Introduction

Detection and treatment of hepatic fibrosis at an early stage can prevent ongoing hepatocellular damage, progression towards cirrhosis, and complications such as portal hypertension and ascites. The combined examination of the liver and spleen has emerged as a promising field of research [1,2,3,4]. It has been shown that, in hepatic fibrosis, not only hepatic stiffness but also splenic stiffness increases, which is presumably caused by an increased pressure in splenic vasculature [1, 4, 5]. However, data regarding the staging of hepatic fibrosis based on mechanical tissue properties of both liver and spleen are still limited, and no investigation aimed at defining the optimal frequency range of elastography has been performed [5].

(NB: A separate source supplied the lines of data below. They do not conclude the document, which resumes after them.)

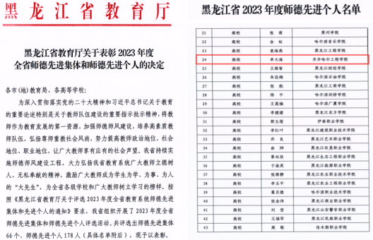 近日,2023年黑龙江省教育系统师德先进集体和先进个人评选结果公布:Beat365健康与护理系单大海同志获评“师德先进个人”荣誉称号。为深入贯彻落实党的二十大精神和习近平总书记关于教育的重要论述,Beat365大力加强师德师风建设,积极引导全体教师恪守职业道德,努力培养造就一支师德高尚、业务精湛、结构合理、充满活力的高素质专业化教师队伍,并深入推进师德师风培训、树立师德先进和教书育人典型,营造尊师重教的浓厚氛围,注重...
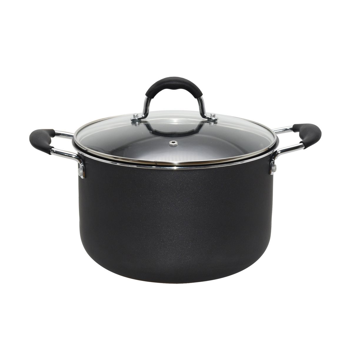 Marmite 26cm en aluminium noir et couvercle en verre. Poignées fixes pour un meilleur maintient de la marmite. Compatible au lave-vaisselle. Tous feux dont induction.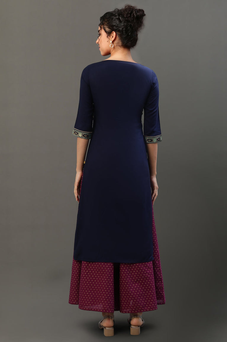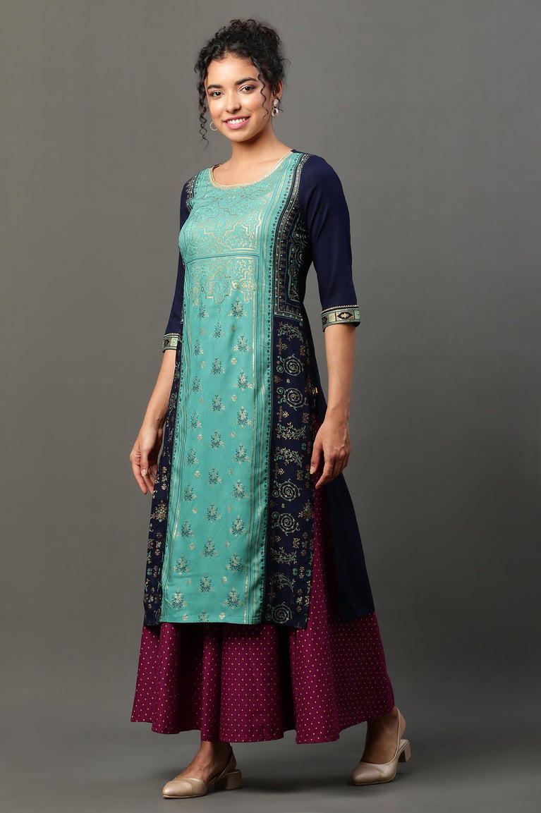 This blue round neck 3/4 sleeve ankle-length kurta has printed detail, flared hem and border detail around neck and hem.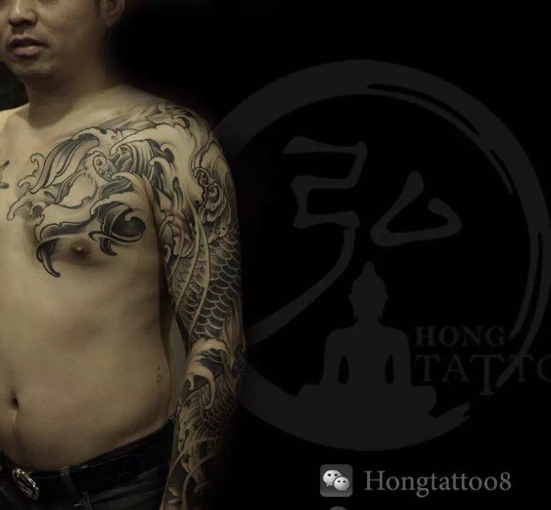 当前位置: 首页 >上海市纹身店-上海弘刺青纹身图案>黑灰鲤鱼花臂纹身图片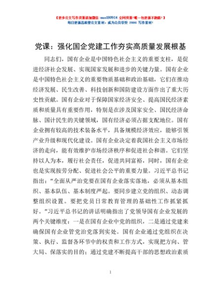 / 党课:强化国企党建工作 夯实高质量发展根基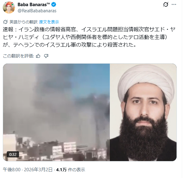 | … | 87無念Nameとしあき26/03/02(月)20:33:00No.1391168854+今回の件は多分イスラエル主導だからイランの内部情報はモサドが握ってんだろう |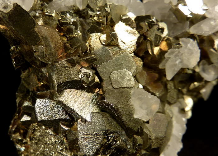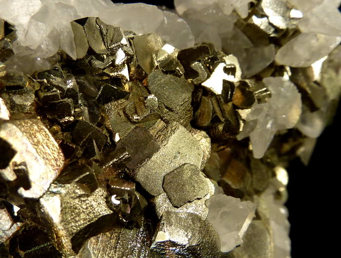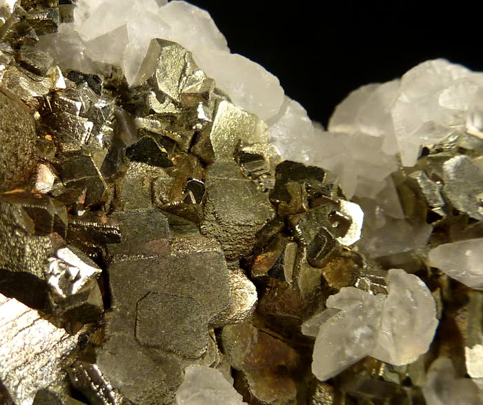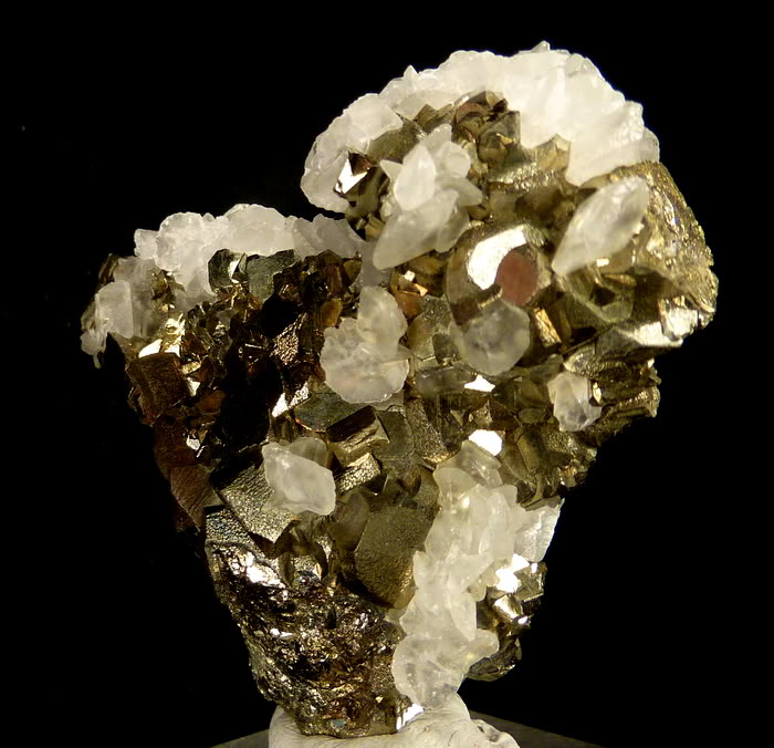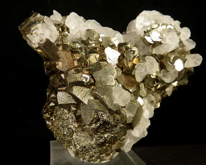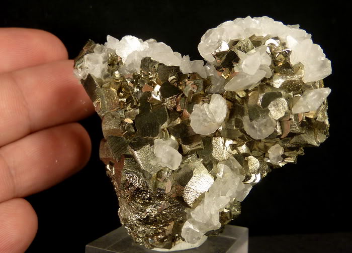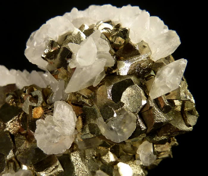 Ciekawy okaz dobrze wykształconych kryształow kalcytu na złocistym pirycie.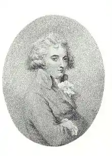 Michael Kelly (25 December[1] 1762 – 9 October 1826) was an Irish singer (tenor), composer and theatrical manager who made an international career of importance in musical history.[2] One of the leading figures in British musical theatre around the turn of the nineteenth century, and a close associate of Richard Sheridan's, he had been a friend of Mozart and Paisiello, and created roles in operas of both. With his friend Nancy Storace, he was one of the first singers in that age from Britain and Ireland to make a front-rank reputation in Italy and Austria. In Italy he was also known as O'Kelly[3] or even Signor Ochelli.[4] Although the primary source for his life is his Reminiscences, it has been said 'Any statement of Kelly's is immediately suspect.'[5]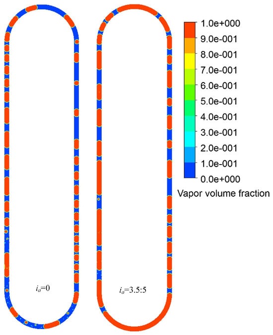 The relative length of each section in PHPs affects the heat transfer performance. It is certain that PHPs perform better when the amount of heat flux supplied in the evaporator is fully dissipated in the condenser region []. Reducing the condenser’s length diminishes the effective area for heat exchange. Therefore, we always want the condenser length to be greater than the evaporator length.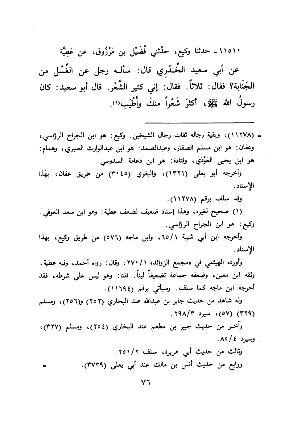 ١١٥١٠ - حَدَّثَنَا وَكِيعٌ، حَدَّثَنِي فُضَيْلُ بْنُ مَرْزُوقٍ، عَنْ عَطِيَّةَ، عَنْ أَبِي سَعِيدٍ الْخُدْرِيِّ قَالَ: سَأَلَهُ رَجُلٌ عَنِ الْغُسْلِ مِنَ الْجَنَابَةِ، فَقَالَ: " ثَلَاثًا "، فَقَالَ: إِنِّي كَثِيرُ الشَّعَرِ. قَالَ أَبُو سَعِيدٍ: " كَانَ رَسُولُ اللهِ صَلَّى اللهُ عَلَيْهِ وَسَلَّمَ أَكْثَرَ شَعَرًا مِنْكَ وَأَطْيَبَ " (١)
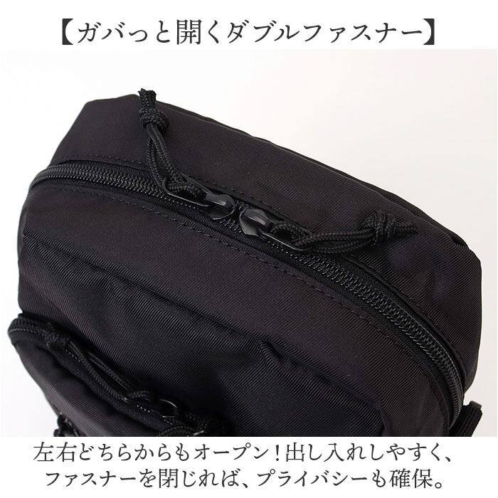 ・左右どちらからもオープン!出し入れしやすく、ファスナーを閉じれば、プライバシーも確保。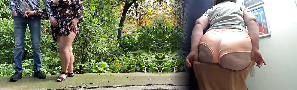 Elderly granny and nubile fellows Threeway outdoors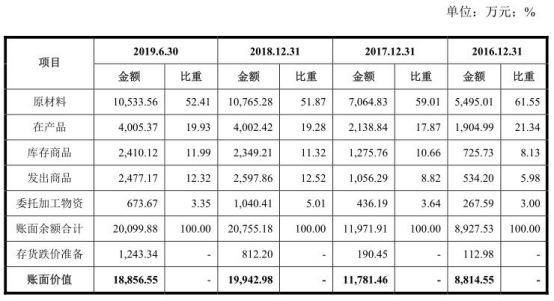 2016年末、2017年末、2018年末、2019年6月末,派克新材存货账面价值分别为8814.55万元、1.18亿元、1.99亿元、1.89亿元,占流动资产的比例分别为23.31%、25.13%、30.87%、22.76%。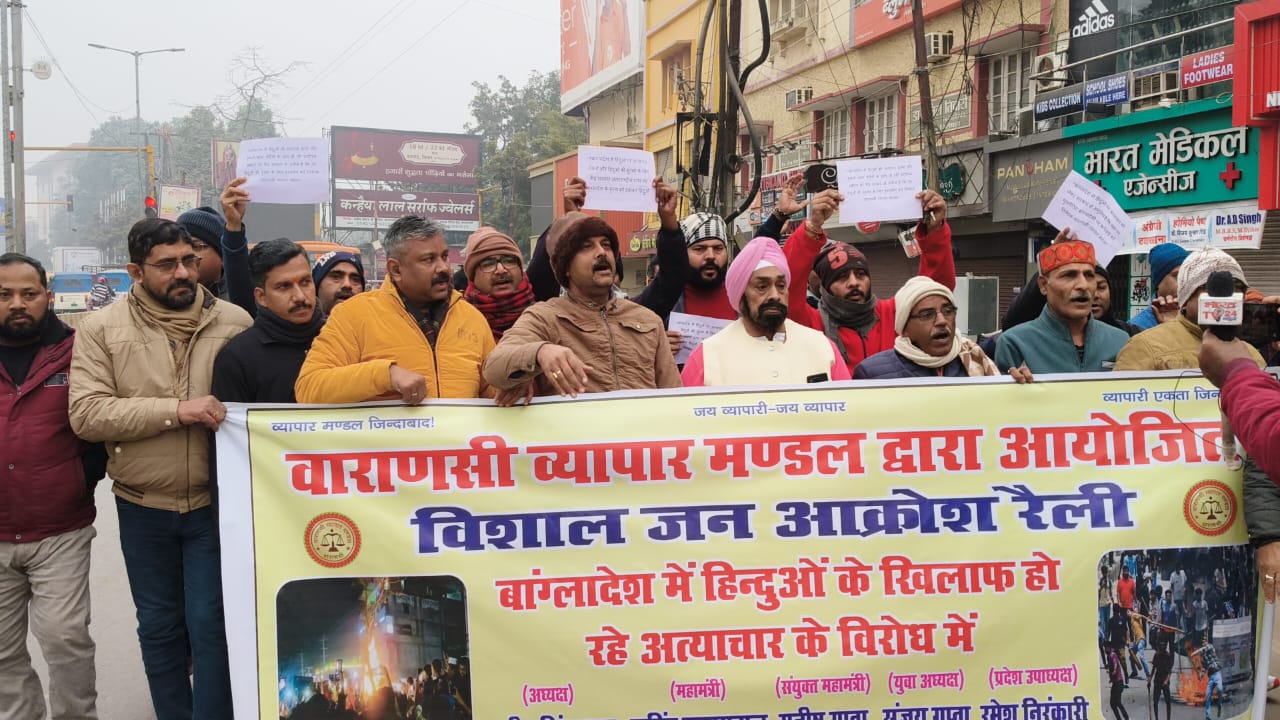 वाराणसी व्यापार मण्डल के तत्वाधान में आज रविवार को सुबह 8 बजे बजे अध्यक्ष अजीत सिंह बग्गा के नेतृत्व में एक विशाल जन आक्रोश रैली बांग्लादेश में हो रहे हिन्दुओं पर अत्याचार के विरोध में निकाला गया जो साजन तिराहे से निकल कर सिगरा तिराहा पेट्रोल पंप तक जा कर समाप्त हुआ साथ साथ बांग्लादेश के विरोध में नारे तखती पर लिख कर लिए हुऐ थे जिसपर बांग्लादेश में हिन्दुओं पर हो रहे अत्याचार को रोको, बांग्लादेश को पाकिस्तान ना बनने दें,मजहब के आड़ में हिन्दुओं पर अत्याचार बर्दाश्त नही, बांग्लादेश में हिन्दुओं को आवश्यक सुरक्षा प्रदान करें इस अवसर पर अध्यक्ष अजित सिंह बग्गा ने कहा इस पूरे घटनाक्रम को दीपू चंद दास के संग पुलिस एवं अर्द्धसैनिक बलों द्वारा किए गए दुर्व्यवहार और उसे जेहादियों को सौंपने से समझा जा सकता है। किस हद तक हिंदू पर अत्याचार हो रहा है पुलिस नें मामला तक दर्ज नहीं किया । ।यहां तक की न्यायालय पर अनुचित दबाब तक बनाया जा रहा है। इसके उलट हिंदू युवतियों से दुर्व्यवहार और बलात्कार करने तथा हिंदू परिवार एवं मंदिरों पर हमला करने वालो पर कोई रोक-टोक नहीं है। ऐसा भी नहीं है कि प्रशासन इस संगठित एवं सुनियोजित अपराध से अवगत् नहीं है। इन्हीं प्रवृतियों के नाते यहां इन दिनों अवयस्क हिंदू लड़कों पर ईशनिंदा के अनुचित आरोप जड़े जा रहे हैं, जिसकी परिणति हर बार जिहादी भीड़ द्वारा पुलिस बल के सामने इनकी नृशंस हत्या के रूप में घटनाएं सामने आ रही है।प्रदेश नेता रमेश निरंकारी नें कहा हिन्दू बांग्लादेश में भाईचारा के साथ रहते थे अब भाई हट गया है हिन्दू केवल चारा बन गये हैं युवा नेता संजय गुप्ता ने कहा की हिंदुओं के साथ बर्बरता हो रही है बांग्लादेश के हिंदू टारगेट पर हैं लोकतंत्र की हत्या हो रही है हिंदुओं की सुरक्षा के लिए सख्त कदम बांग्लादेश को उठाना पड़ेगा और सुरक्षा की गारंटी देनी होगी मीडिया अध्यक्ष दीप्तिमान जी ने कहा 40000 हिंदुओं की हत्या तथा 2 लाख से अधिक हिन्दू महिलाओं के साथ बलात्कार फिर अब दीपू चंद दास को जिंदा जलाया जाना यह अब बर्दाश्त नहीं किया जाएगा इस घटना की जितनी भर्तसना की जाए उतना कम है हमारे प्रधान मंत्री मोदी जी का रुख ये नहीं चलेगा की एक तरफ हिन्दुओं के अत्याचार का विरोध तथा दूसरे तरफ बिजली सप्लाई, खाद्य सामग्री सप्लाई, और गैस सप्लाई हो रहा है इनको मेन लाइन बंद करनी पड़ेगी पाकिस्तान को भीखमाँगाने में तीन साल लग गया बांग्लादेश तीन महीने में ही भीखमाँगा हो जायेगा इस अवसर पर काफी सांख्य में व्यापारी गण उपस्थित थे जिसमे प्रमुख रूप से रमेश निरंकारी, सुशील लखमानी कविन्द्र जायसवाल,संजय गुप्ता,मनीष गुप्ता,दीप्तिमान देव गुप्ता , शरद गुप्ता, मन्नू यादव, जगदीश कुमार,अनूप गुप्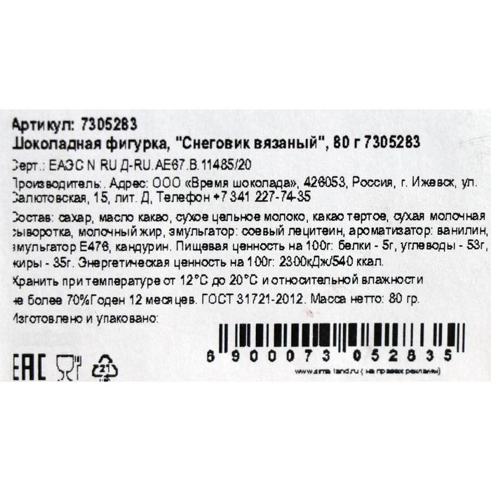 Шоколадная фигурка "Снеговик вязаный", 80 г
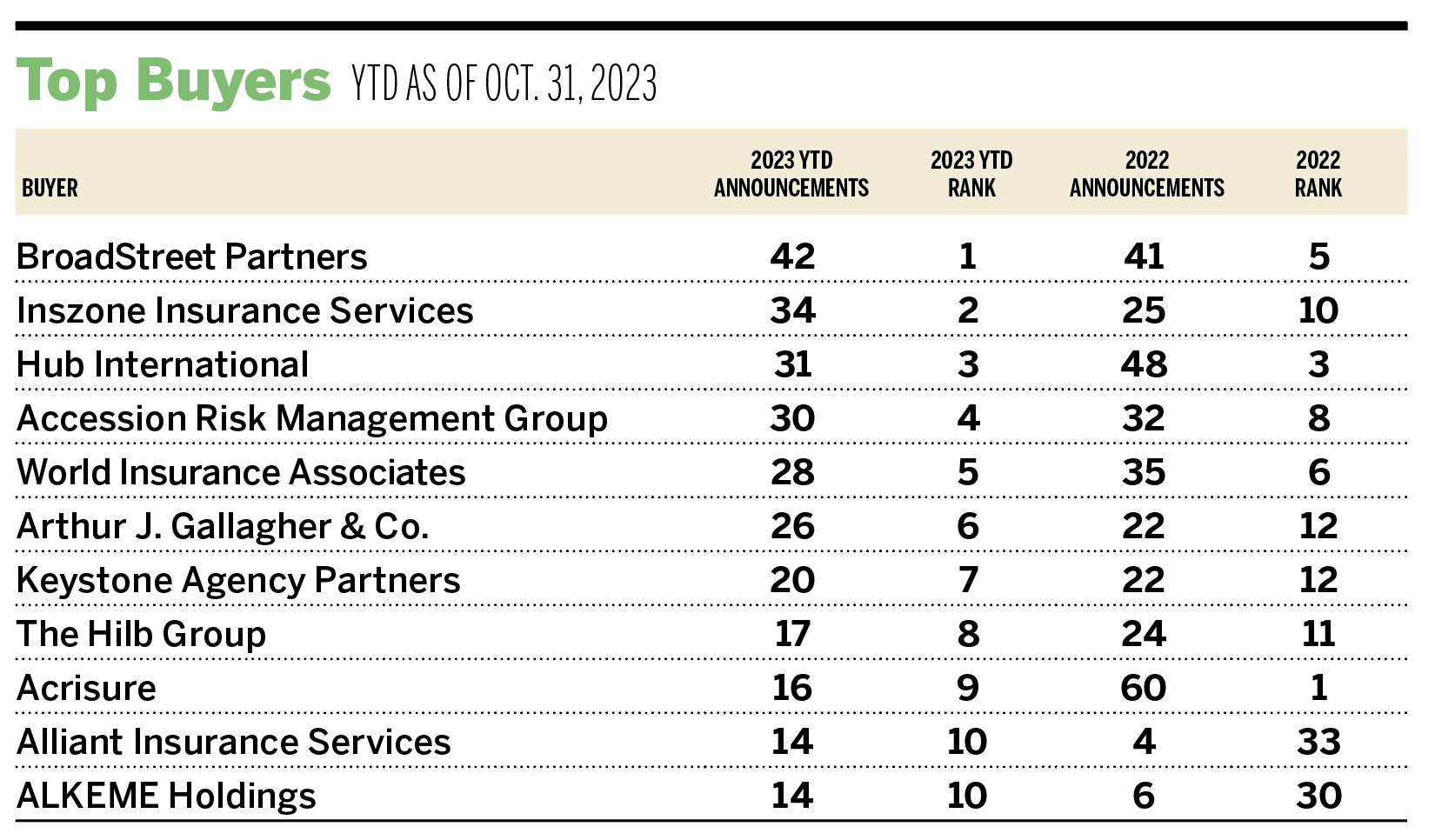 Deal activity from the marketplace’s most active acquirers has remained strong in 2023. Ten buyers account for 47.5% of all announced transactions, while the top four (BroadStreet Partners, Inszone Insurance Services, Hub International, and Accession Risk Management Group) account for 25.2% of the 543 total transactions.

Magnetic resonance elastography (MRE) is a noninvasive imaging technique for staging hepatic fibrosis by assessing mechanical tissue properties [6,7,8,9]. It is based on the higher stiffness of fibrotic tissue induced by pathological changes such as the proliferation of collagen and cross-linking of free collagen branches [10]. Many currently available MRE techniques still suffer from limited anatomical resolution due to insufficient shear wave propagation and noise [11]. Tomoelastography by multifrequency MRE (MMRE) is a recently introduced advanced technique for generating full-field-of-view elastograms with pixel-wise detail resolution in a tomographic fashion [12]. It has been shown that tomoelastography outperformed previous elastograms generated by direct Helmholtz inversion in terms of detail resolution, noise robustness, and intra-tissue homogeneity [12]. With this technique, consistent mechanical tissue properties of small anatomical regions such as the spinal cord have been shown. So far, no diagnostic benefit of multifrequency over monofrequency MRE techniques has been established [13].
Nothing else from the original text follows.